Execute the following lines to have the latest PyTorch and CUDA versions available (not necessary, but perhaps desirable):

$ conda install --yes -c pytorch pytorch=1.7.1 torchvision cudatoolkit=11.0

Replace cudatoolkit=11.0 above with the appropriate CUDA version on your machine (e.g., 10.2) or cpuonly when installing on a machine without a GPU.

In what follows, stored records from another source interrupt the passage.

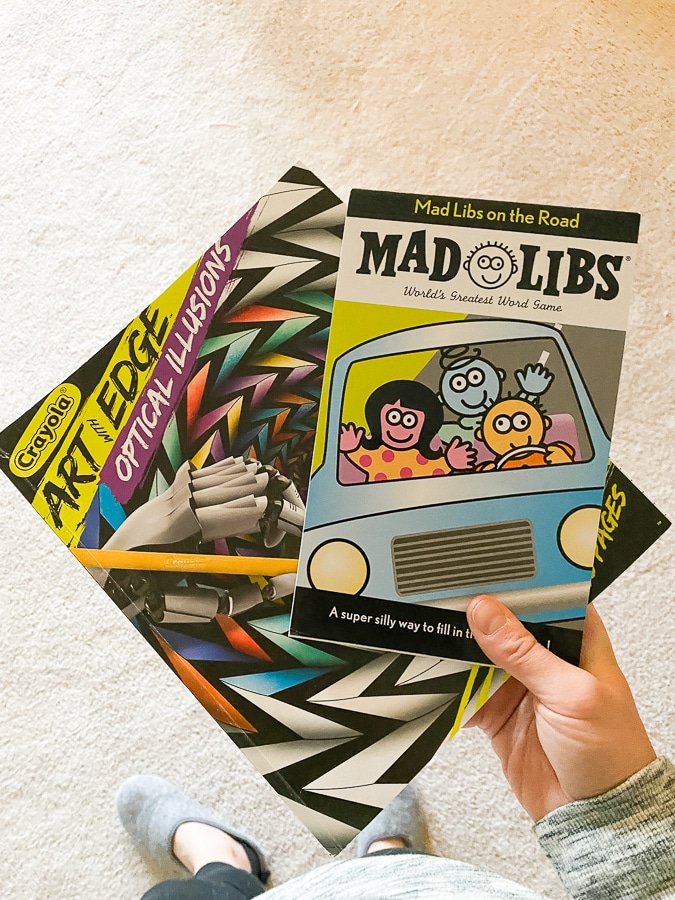 I found some Mad Libs (he’s the perfect age) and a cool optical illusion coloring book for him too. He also has this How to Draw Pokemon book that he likes.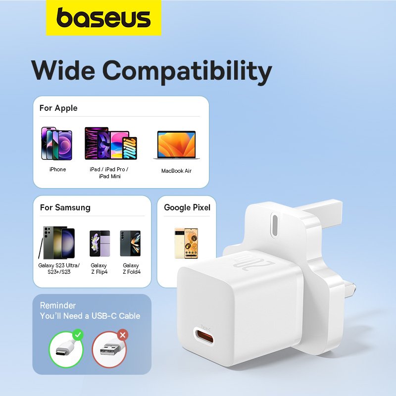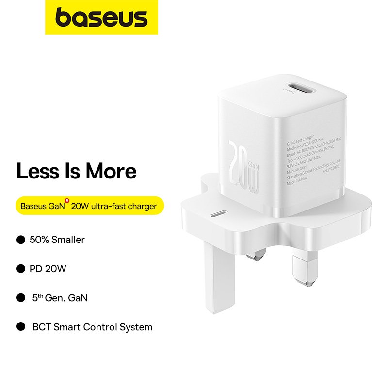 Charging AdaptersBaseus 20W GaN5 Mini Fast Charger Type-C UK Pin – Moon White
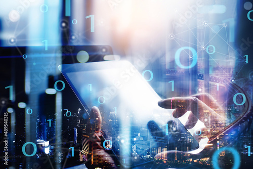 Wall mural digital software technology development and big data concept, man programmer using digital tablet an - Wall murals Wall mural digital software technology development and big data concept, man programmer using digital tablet an - Wall murals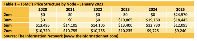 表1显示了台积电截至2023年1月的价格结构,根据信息网络的报告《全球半导体设备:市场、市场份额和市场预测》。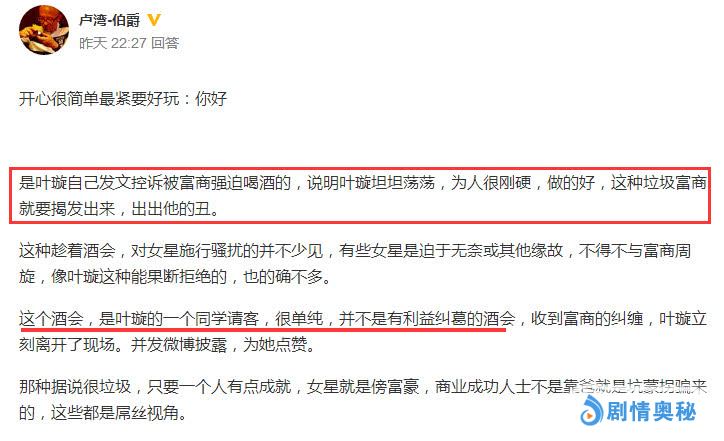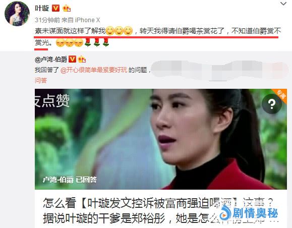 一位知情者在网上公开回答了这个敏感话题,叶璇看到后转发原文表示认可,还喊话说:素未谋面就这样了解我,改天我得请伯爵喝茶赏花了,不知道伯爵赏不赏光。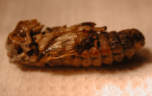Apate terebrans, als weibliche Puppe (25mm), im Puppenstadium. Foto: Rüpke |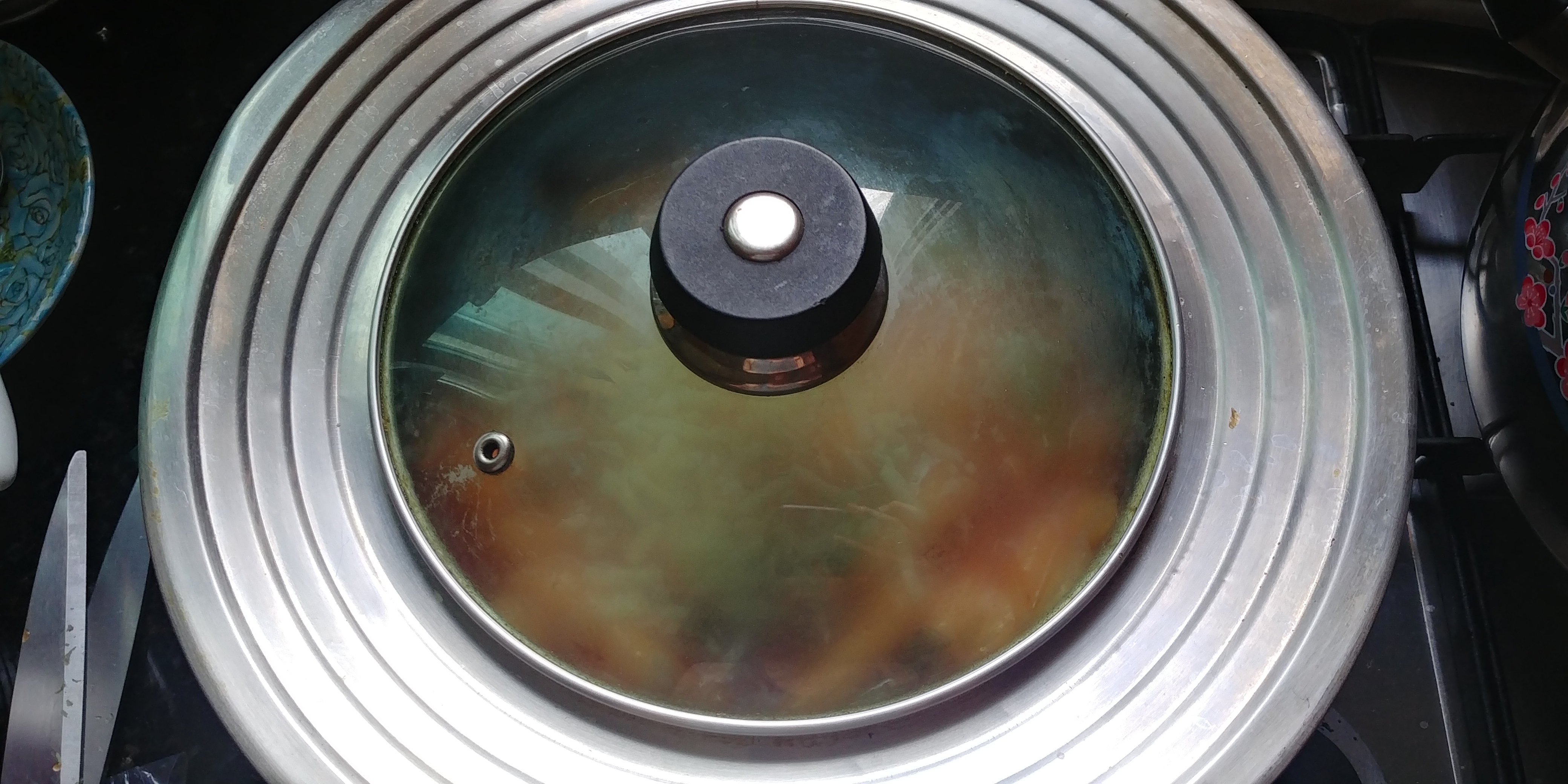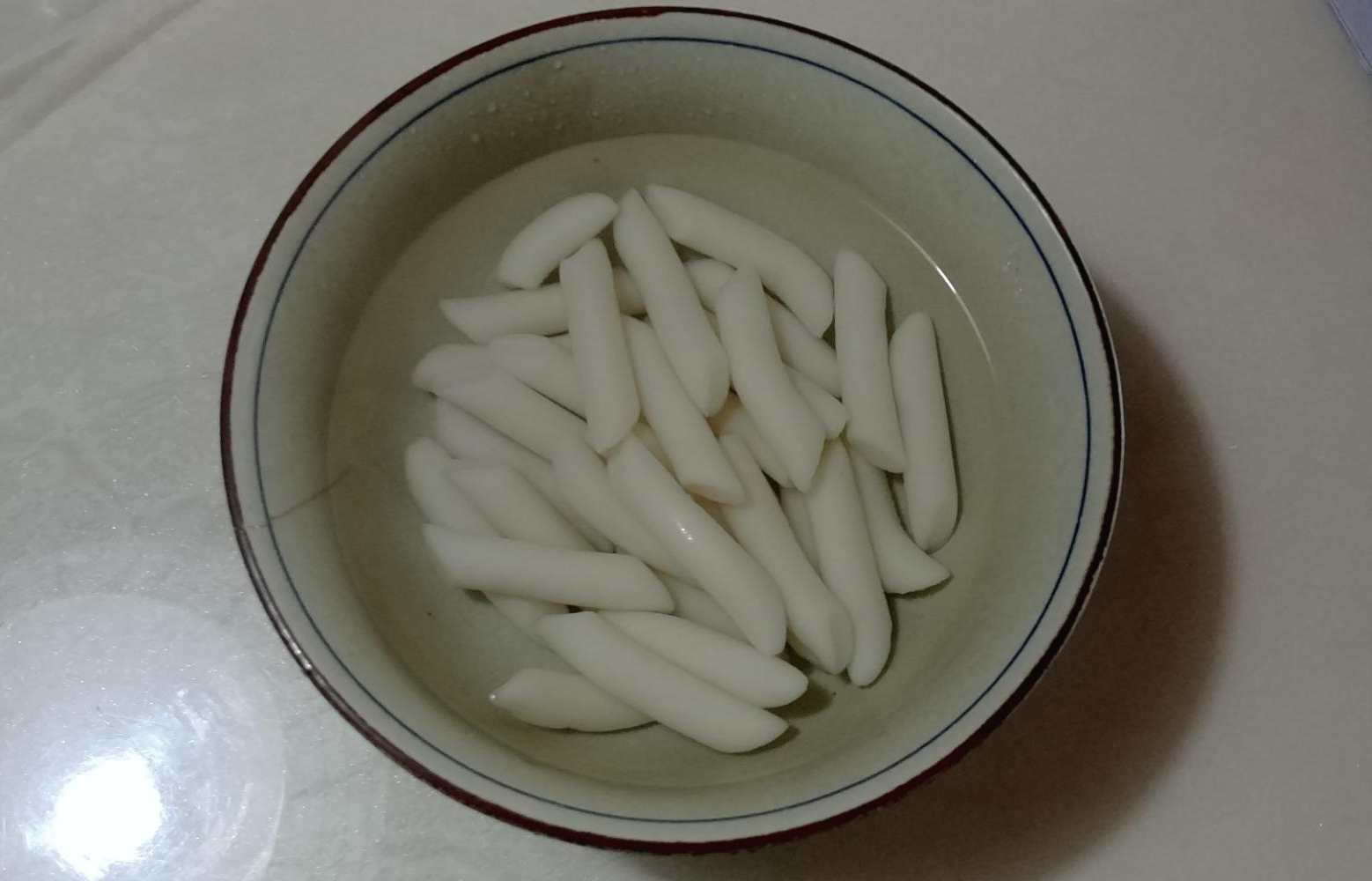 대충 흐르는 물에 씻어주신 뒤에 뜨거운 물을 요로코롬 부어줍니다. 저는 물을 커피포트에 끓여서 넣었는데, 해본 결과 펄펄 끓는 물을 넣어도 상관없는 것 같습니다. 그리고 30분 정도를 기다려줍니다. 물론 귀찮으시면 그냥 떡만 흐르는 물에 씻으시고 바로 다음 단계로 넘어가셔도 됩니다.

Extract features at specific layer of a state-of-the-art torchvision, CORnet or CLIP model

Example call for AlexNet:

import torch
import thingsvision.vision as vision

model_name = 'alexnet'

device = 'cuda' if torch.cuda.is_available() else 'cpu'
model, transforms = vision.load_model(model_name, pretrained=True, model_path=None, device=device)
module_name = vision.show_model(model, model_name)

AlexNet(
  (features): Sequential(
    (0): Conv2d(3, 64, kernel_size=(11, 11), stride=(4, 4), padding=(2, 2))
    (1): ReLU(inplace=True)
    (2): MaxPool2d(kernel_size=3, stride=2, padding=0, dilation=1, ceil_mode=False)
    (3): Conv2d(64, 192, kernel_size=(5, 5), stride=(1, 1), padding=(2, 2))
    (4): ReLU(inplace=True)
    (5): MaxPool2d(kernel_size=3, stride=2, padding=0, dilation=1, ceil_mode=False)
    (6): Conv2d(192, 384, kernel_size=(3, 3), stride=(1, 1), padding=(1, 1))
    (7): ReLU(inplace=True)
    (8): Conv2d(384, 256, kernel_size=(3, 3), stride=(1, 1), padding=(1, 1))
    (9): ReLU(inplace=True)
    (10): Conv2d(256, 256, kernel_size=(3, 3), stride=(1, 1), padding=(1, 1))
    (11): ReLU(inplace=True)
    (12): MaxPool2d(kernel_size=3, stride=2, padding=0, dilation=1, ceil_mode=False)
  )
  (avgpool): AdaptiveAvgPool2d(output_size=(6, 6))
  (classifier): Sequential(
    (0): Dropout(p=0.5, inplace=False)
    (1): Linear(in_features=9216, out_features=4096, bias=True)
    (2): ReLU(inplace=True)
    (3): Dropout(p=0.5, inplace=False)
    (4): Linear(in_features=4096, out_features=4096, bias=True)
    (5): ReLU(inplace=True)
    (6): Linear(in_features=4096, out_features=1000, bias=True)
  )
)

#Enter part of the model for which you would like to extract features:

(e.g., "features.10")

dl = vision.load_dl(root='./images/', out_path=f'./{model_name}/{module_name}/features', batch_size=64, transforms=transforms)
features, targets, predictions = vision.extract_features(model, dl, module_name, batch_size=64, flatten_acts=True, device=device, return_predictions=True)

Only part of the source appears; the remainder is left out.